赤ちゃんが生まれると、しばらくの間はベビーバスで沐浴させます。大人が片手で支えながらもう片方の手で体を洗ってあげるのですが、手がすべってお湯の中に赤ちゃんが……赤ちゃんのいる家庭では、1度は経験していませんか?

娘を沐浴させているとき、手がすべってお湯の中に沈めてしまうこと2回。泣きもせず、目を見開いて驚いていた顔を見て、申し訳ないやらおかしいやら。そんな日が昨日のことのように感じられます。

今では台所のシンクの中に置けて、水抜き栓がついている使いやすいベビーバスがありますが、昔は比較的大きくて水抜き栓もなく、大人2人がかりでベビーバスを運び、やっとの思いでお湯を捨てたものです。子供が少し大きくなると、ベビーバスは夏場のプール代わりに変身し、やがてその役目を終えていきました。

温泉

日本人は温泉が大好きです。自分も例に漏れずに大好きで、妹の結婚式を温泉地のホテルで家族だけで行うと聞いたときは、結婚式よりも先に、どんな温泉施設があるのか調べたくらいのふとどき者です。チャペルで号泣の結婚式を終え、夜には宴会、そしていよいよ温泉です。母も温泉が大好きなのですが……忘れていました。この母、普段から明るい性格でちょっとハメをはずすところがあるのですが、温泉に入ると必ず泳ぐのです。恥ずかしいから辞めてと言っても、『2度とここに来ることないんだから関係ないよ!いいじゃん!』と言いながら、全裸で泳ぐ泳ぐ。そそくさと娘と2人、他人のフリで離れました。子供じゃないんだから……。

欲張り

アパートに住んでいたころ、お風呂はとても狭く、浴槽も正方形のタイプで、膝を抱えなければ入ることの出来ないお風呂でした。洗い場も狭く、とても座って体を洗うことなどできません。ようやくアパートを引き払い、戸建てに引っ越したばかりの頃、1階と2階に浴室があり、1階のお風呂は自動給湯システムがついていて、2階のお風呂は普通の追い焚き機能のついているお風呂です。何よりも浴室が広くなったのが嬉しくて、足を伸ばして入れる浴槽に感激です。
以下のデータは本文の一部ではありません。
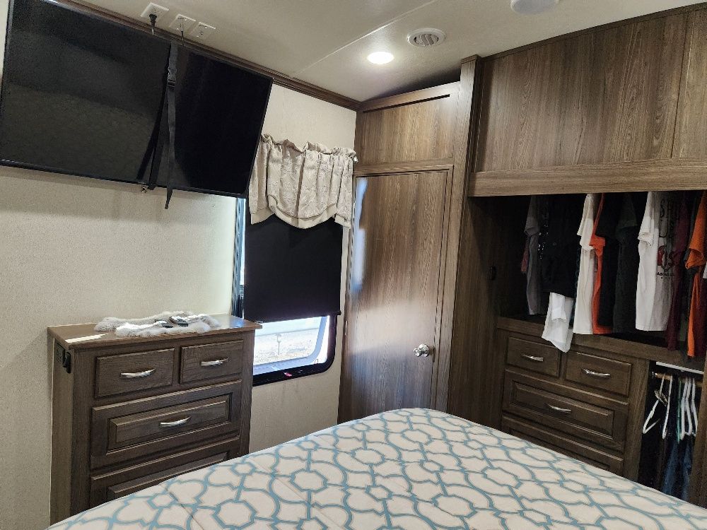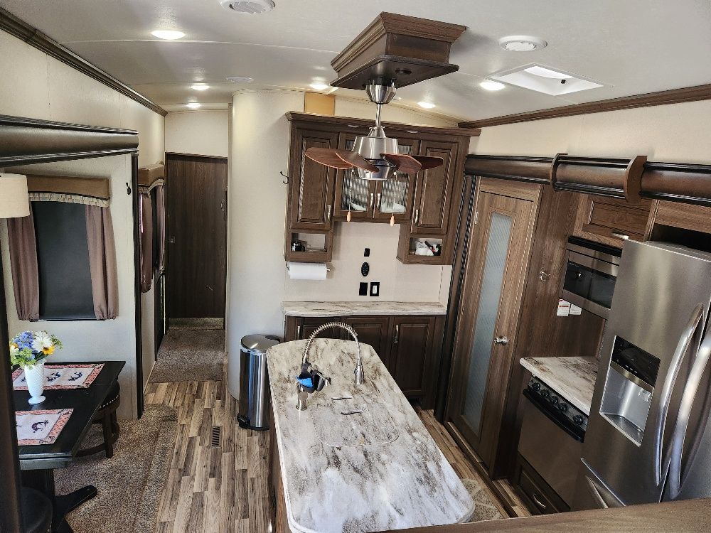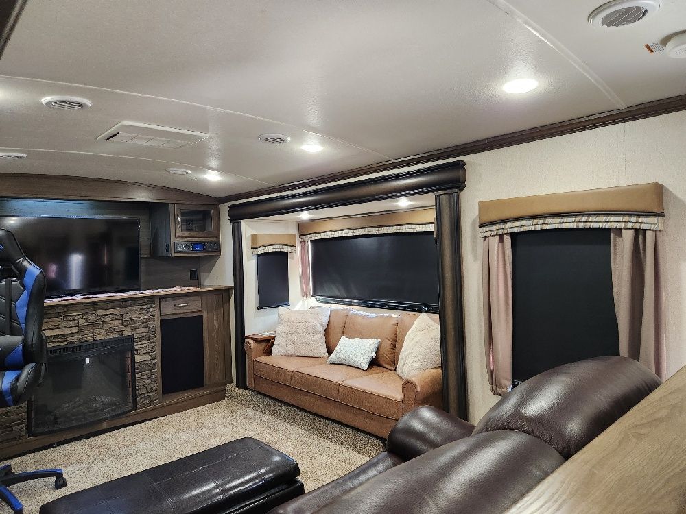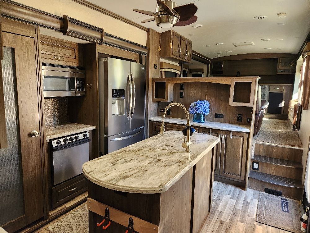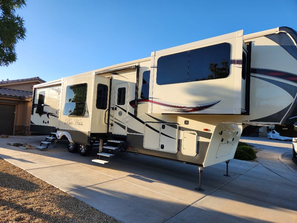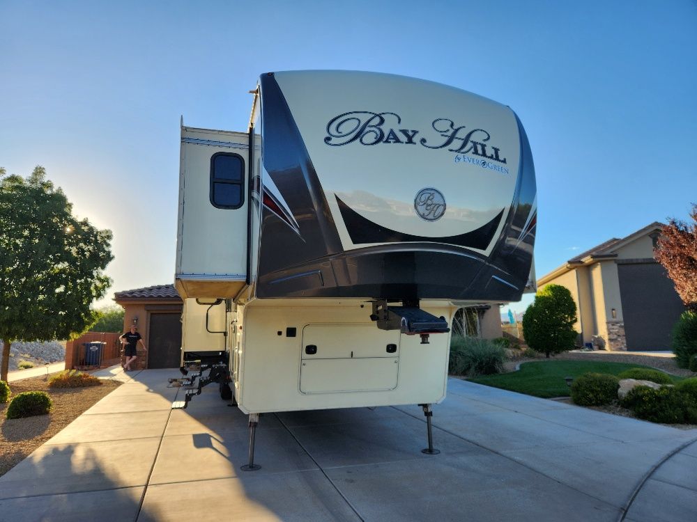 2017 Bay Hill 379FL all-weather fifth wheel by Evergreen has a front living area, rear master, and five slides. This Bay Hill comes with a washer, dryer, dishwasher, residential refrigerator, and a transferable 4-year extended warranty. Seller can deliver.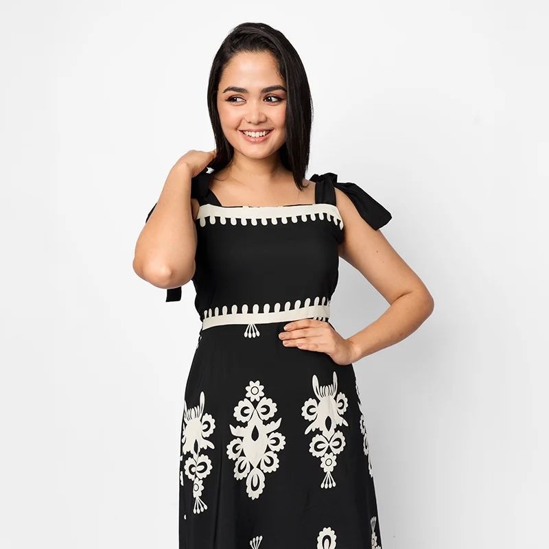 Elevate your look with the refined charm of this maxi dress. Featuring bow-tie shoulder straps, a square neckline, and a flowing A-line silhouette, it offers both grace and comfort. The bold scrollwork motifs and border detailing bring a touch of artistry, while the relaxed fit ensures effortless sophistication.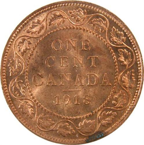 Canada Large Cent 1918 ICCS MS-63 Red. Fully struck with great lustre and about 90% red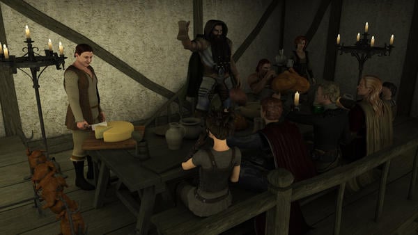 After four eventless days in the Long Marshes, the group finally came back to the civilized world at the Girion stairs tavern. They all decided to take baths and wash some clothes to rid them of terrible stench of the lizard men, or marsh dwellers as the barkeeper at the Girion stairs called them. It was almost like the very first time they met, just a few weeks ago at the Singing Minstrel in Lake Town. Ale, beer and wine, good food and a warm fire. But this time they had their own story to look back at, something they had done together that had built bonds between them that no preconceptions could touch. Balin stood up on the bench with a raised tankard of mead and shouted: – "Let's drink!", while Óin was busy with his large roasted chicken.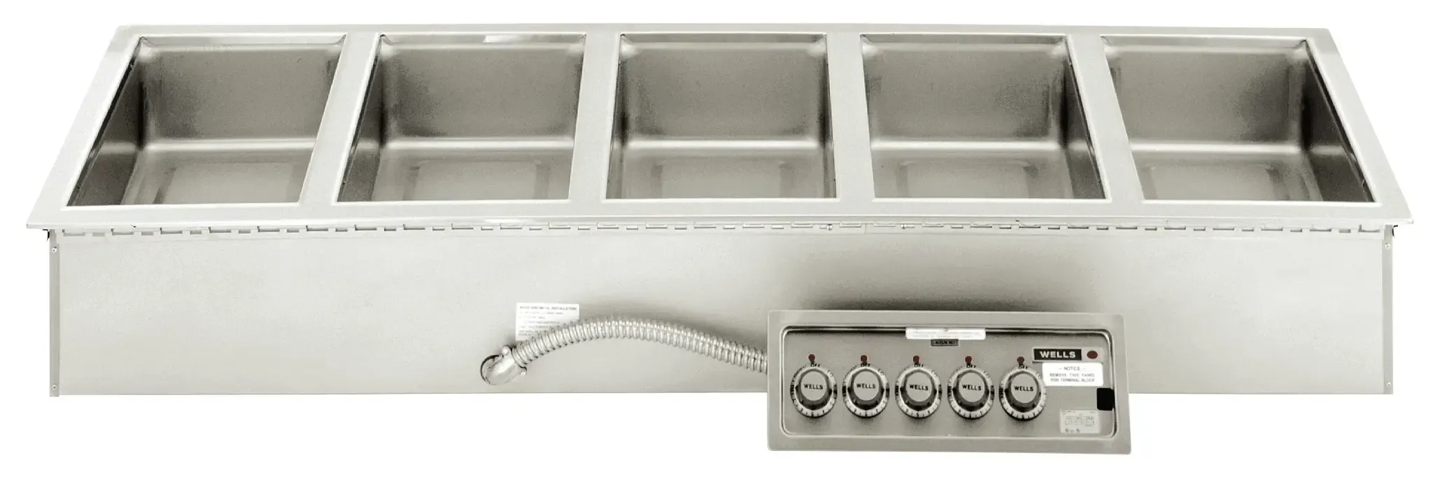 Wells MOD-500D heavy-duty, top-mount, drop-in, Modular food warmer is designed to hold heated foods at safe and fresh serving temperatures. Unit Accommodates 12" x 20" standard food pans or equivalent fractional inset pans and are designed for wet or dry operation. One-piece stainless steel top flange and heavy-gauge, deep-drawn stainless steel warming pans are standard features on all models. WellsLoks are standard for quick and easy installation. Sides, front, back, and bottom are fully insulated, Individual controls for each well, High-limits prevent overheating, and powerful tubular heating elements are located under the warming pans for quick, efficient, and even heating. Five pans, infinite control, Drain, 208/240V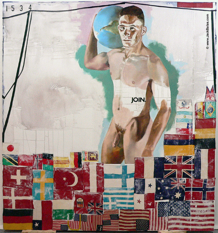 Jack Balas with JOIN (#1534) in progress in the studio. Oil on canvas, 84" x 78", with collage of cotton flags along the bottom.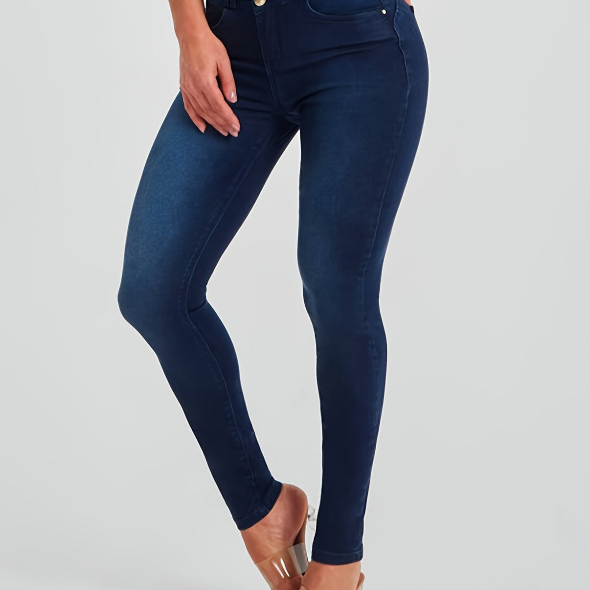 Women's High-Waisted Stretch Skinny Jeans, High-Rise Slim Fit Denim with Button Detail, Long Length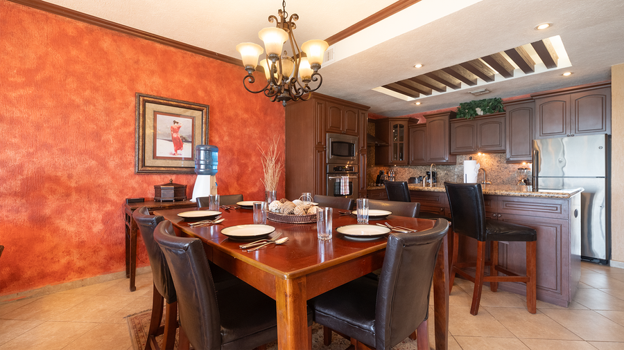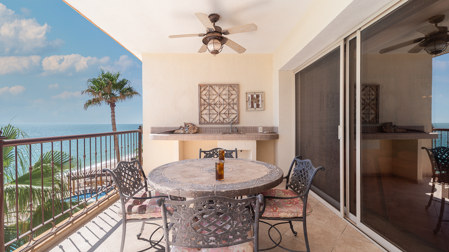 Welcome to paradise. This 2 bedroom, 2bath suite is located on the 4th floor of the beautiful Sonoran Sky Resort. This suite can easily accommodate 4 guests. This suite is fully equipped to make your stay simply wonderful. There are ceiling fans throughout and the color scheme is simply beautiful. The living room area is subtle earth tones. The ceiling is white and the walls are terracotta colors, there is dark ceiling molding around the entire unit. There is a dark brown sofa and love seat that gives contrast to two single couch chairs with complimenting throw pillows in pink, browns, and gray. There is a rug under the sofa that is light gray. Behind the sofa are two picture frames and across from the sofa is an entertainment center that includes a big flat-screen TV, DVD, and Stereo. There is also a sofa sleeper. What more could you ask for! There are 2 beautiful lamps on the end tables next to the couch that will give bright to this area. In addition, there is a large coffee table. The sofa is arranged so that you can relax and gaze out the patio door at the sunset, or simply relax and watch TV. The kitchen has all stainless steel appliances with a built-in oven and microwave. Everything you need to prepare a gourmet meal is in this well-equipped kitchen. The wet bar also serves as a cozy breakfast bar and easily seats 2. The countertops and backsplash are all granite and there is plenty of cupboard space and prep space. The bar stools are wood and have leather seats. The dining area has a matching buffet and square table which seats six. The chairs are high backs with dark leather seats. The walls are adorned with beautiful, bright color paintings and metal art designs. The master bedroom has a beautiful King size bed set with matching headboard, footboard, 2-night tables and a six-drawer dresser. There is also a white single couch chaise that can be used to read a book or relax and hear the ocean. The bedding is a pearl white color with matching shams. Next to the bed is a small gray rug. There is a big flat-screen TV on top of the dresser. You will love the patio door that opens onto the terrace. The master bathroom has a double sink vanity with a large mirror and plenty of lighting. There is a tile, built in shower with glass door enclosure. Across from the shower is a deep Jacuzzi bathtub. There is beautiful tile work throughout the bathroom area. The guest bedroom has a queen size bed with dark brown with a wood headboard. There are a matching 6-drawer dresser and 2 two-drawer night tables. On top of the dresser is a flat-screen TV. There is also a lovely area rug under the bed, which enhances the bedding, which is a white with copper color with matching charms. The guest bath has a single sink vanity and a lovely shower. You can entertain on the terrace or just relax. There is a large wrought iron table with a marble top that seats 4, a chaise lounge chairs and a patio sofa. The views from the 4th floor are amazing. Bring your binoculars because you can see all the way to Bird Island and Las Conchas from this elevation. The most magnificent view, however, is the Rocky Point sunset. As the sun goes down in shades of yellow and orange it slowly changes to the most incredible shades of blue. Relax and enjoy your stay. Charcoal barbeques are available on the third floor near the playground area. Don't miss the opportunity to enjoy this gorgeous property at the Sonoran Sky Resort.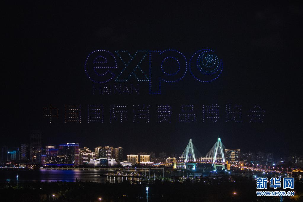首届中国国际消费品博览会于5月7日至10日在位于海口的海南国际会展中心举办。5月6日晚,海口市上演无人机表演秀,迎接首届消博会的举办。
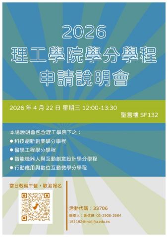 115學年度理工學院學分學程說明會將在4月22日中午於聖言樓SF132舉辦,活動海報請見附加檔。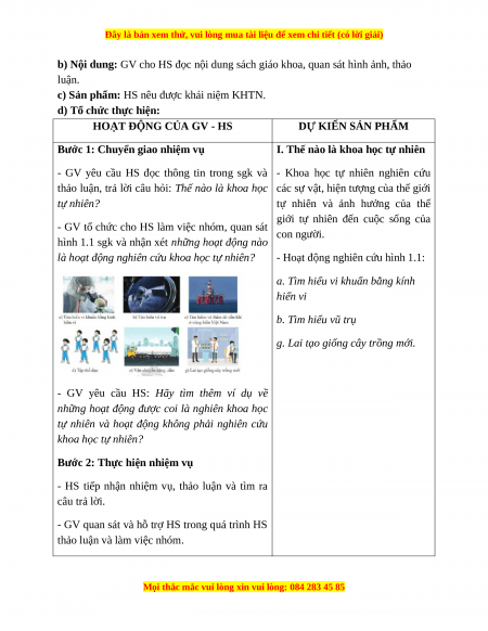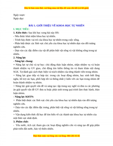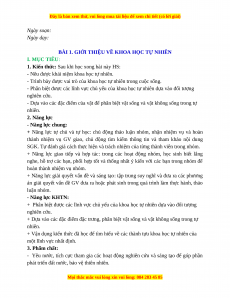BÀI 1. GIỚI THIỆU VỀ KHOA HỌC TỰ NHIÊN I. MỤC TIÊU: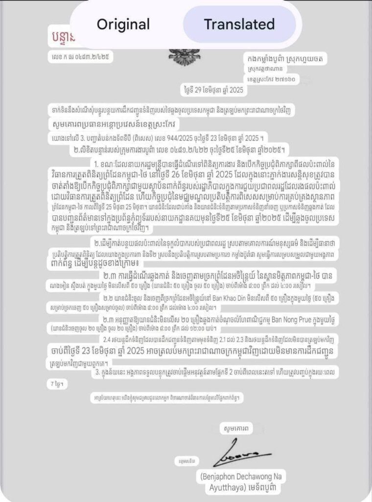 ខាងក្រោមនេះជាសំណេរទាំងស្រុងរបស់សម្តេចបវរធិបតី ហ៊ុន ម៉ាណែត៖«ព្រឹកថ្ងៃអាទិត្យ ទី ២៩ មិថុនា ២០២៥ នេះ អាជ្ញាធរមានសមត្ថកិច្ចរបស់កម្ពុជាបានទទួលលិខិតពីភាគីថៃនៅខេត្តស្រះកែវ ស្នើសុំឱ្យមានការបើកច្រកព្រំដែនកម្ពុជា-ថៃមួយចំនួន និងអនុញ្ញាតឲរថយន្តដឹកទំនិញចេញ-ចូល ដើម្បីបន្ធូរការប៉ះពាល់ដល់ជីវភាពរស់នៅរបស់ប្រជាពលរដ្ឋ។

やがて1階のお風呂は使わなくなりました。浴槽が深く、水道代が勿体ない、追い焚きもできないという理由からです。今では物置と化してします。普段は2階のお風呂を使っていますが、あんなに広くなったのを喜んでいたのに、人間とは欲張りなもので、慣れてしまうとこの浴室も狭く感じてしまいます。もっと広いお風呂に入りたい…はめ込み式でテレビもつけたい…ジェットバスなんてどうだろう…。そんなことばかり考えてしまいます。本当、人間て欲張りですね。